### RECORDS PROVIDED:
= = = = =

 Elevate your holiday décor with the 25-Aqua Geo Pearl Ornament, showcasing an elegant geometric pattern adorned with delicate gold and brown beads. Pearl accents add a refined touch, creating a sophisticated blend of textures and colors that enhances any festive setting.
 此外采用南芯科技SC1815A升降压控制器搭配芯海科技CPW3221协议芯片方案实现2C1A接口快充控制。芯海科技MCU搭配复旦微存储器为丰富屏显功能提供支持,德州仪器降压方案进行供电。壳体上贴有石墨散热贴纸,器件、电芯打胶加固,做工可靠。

= = = = =

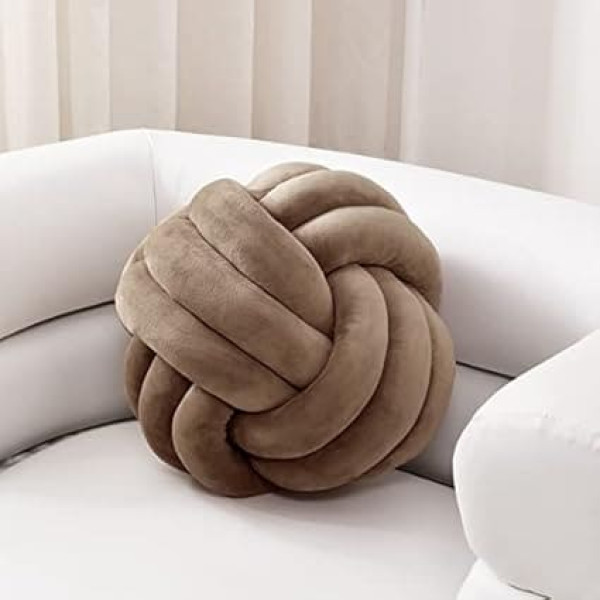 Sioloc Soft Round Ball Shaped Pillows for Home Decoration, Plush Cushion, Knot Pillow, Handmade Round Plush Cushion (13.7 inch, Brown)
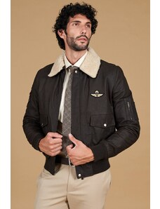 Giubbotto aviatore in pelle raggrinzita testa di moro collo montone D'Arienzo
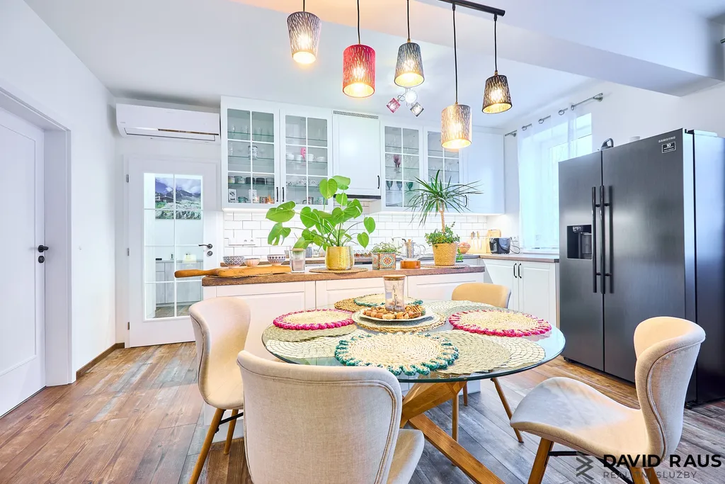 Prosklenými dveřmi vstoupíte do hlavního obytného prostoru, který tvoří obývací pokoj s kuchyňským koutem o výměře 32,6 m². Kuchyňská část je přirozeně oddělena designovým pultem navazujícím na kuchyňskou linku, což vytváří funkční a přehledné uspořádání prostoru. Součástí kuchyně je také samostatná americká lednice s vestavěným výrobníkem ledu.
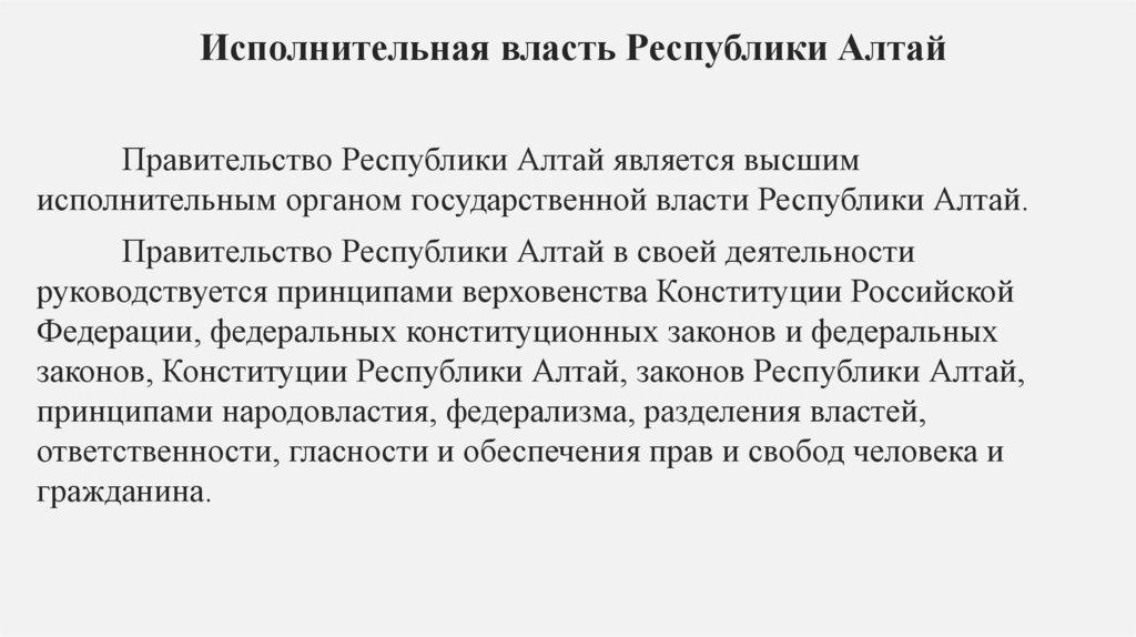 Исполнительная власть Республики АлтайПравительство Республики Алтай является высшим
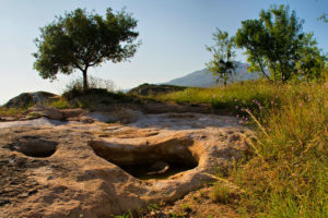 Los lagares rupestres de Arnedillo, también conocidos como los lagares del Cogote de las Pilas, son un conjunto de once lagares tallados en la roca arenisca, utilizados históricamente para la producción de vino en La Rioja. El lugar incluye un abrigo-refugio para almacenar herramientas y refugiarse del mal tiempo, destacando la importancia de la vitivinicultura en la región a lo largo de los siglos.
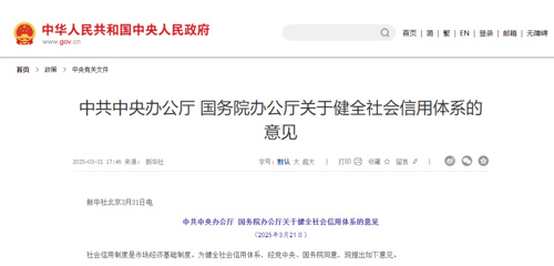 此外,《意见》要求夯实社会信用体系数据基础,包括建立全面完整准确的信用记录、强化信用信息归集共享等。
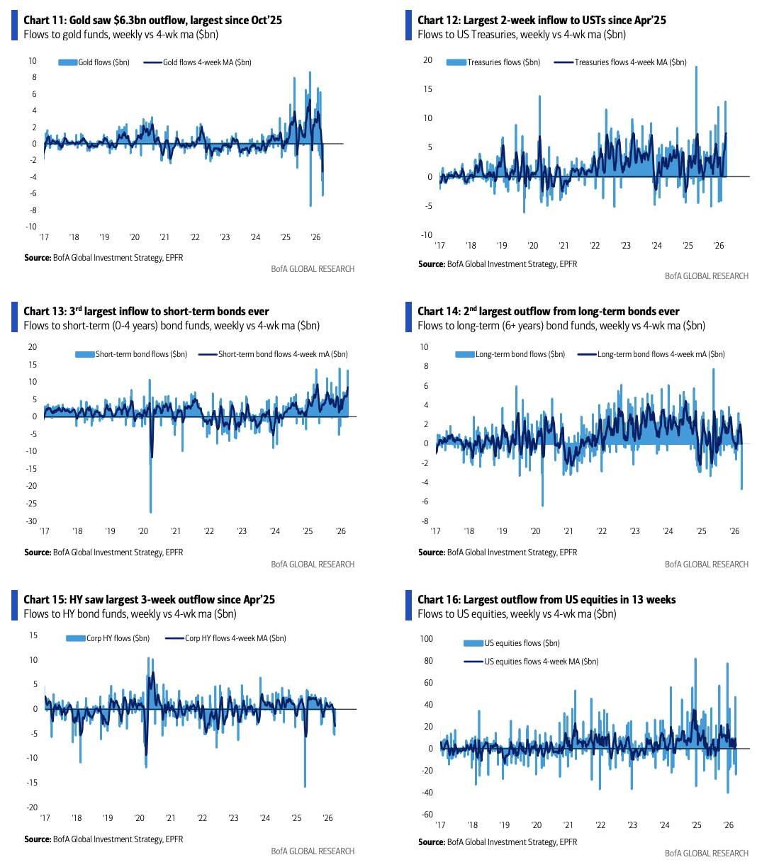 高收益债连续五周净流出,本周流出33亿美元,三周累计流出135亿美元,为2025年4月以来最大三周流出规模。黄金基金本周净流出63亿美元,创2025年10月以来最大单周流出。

= = = = =

### WORK INSTRUCTIONS:
Above are some records; extract exactly the lines from the one containing "Prosklenými dveřmi vstoupíte" through the one containing "高收益债连续五周净流出,本周" and drop the pictures.

### EXERCISE RESULT:
 Prosklenými dveřmi vstoupíte do hlavního obytného prostoru, který tvoří obývací pokoj s kuchyňským koutem o výměře 32,6 m². Kuchyňská část je přirozeně oddělena designovým pultem navazujícím na kuchyňskou linku, což vytváří funkční a přehledné uspořádání prostoru. Součástí kuchyně je také samostatná americká lednice s vestavěným výrobníkem ledu.
 Исполнительная власть Республики АлтайПравительство Республики Алтай является высшим
 Los lagares rupestres de Arnedillo, también conocidos como los lagares del Cogote de las Pilas, son un conjunto de once lagares tallados en la roca arenisca, utilizados históricamente para la producción de vino en La Rioja. El lugar incluye un abrigo-refugio para almacenar herramientas y refugiarse del mal tiempo, destacando la importancia de la vitivinicultura en la región a lo largo de los siglos.
 此外,《意见》要求夯实社会信用体系数据基础,包括建立全面完整准确的信用记录、强化信用信息归集共享等。
 高收益债连续五周净流出,本周流出33亿美元,三周累计流出135亿美元,为2025年4月以来最大三周流出规模。黄金基金本周净流出63亿美元,创2025年10月以来最大单周流出。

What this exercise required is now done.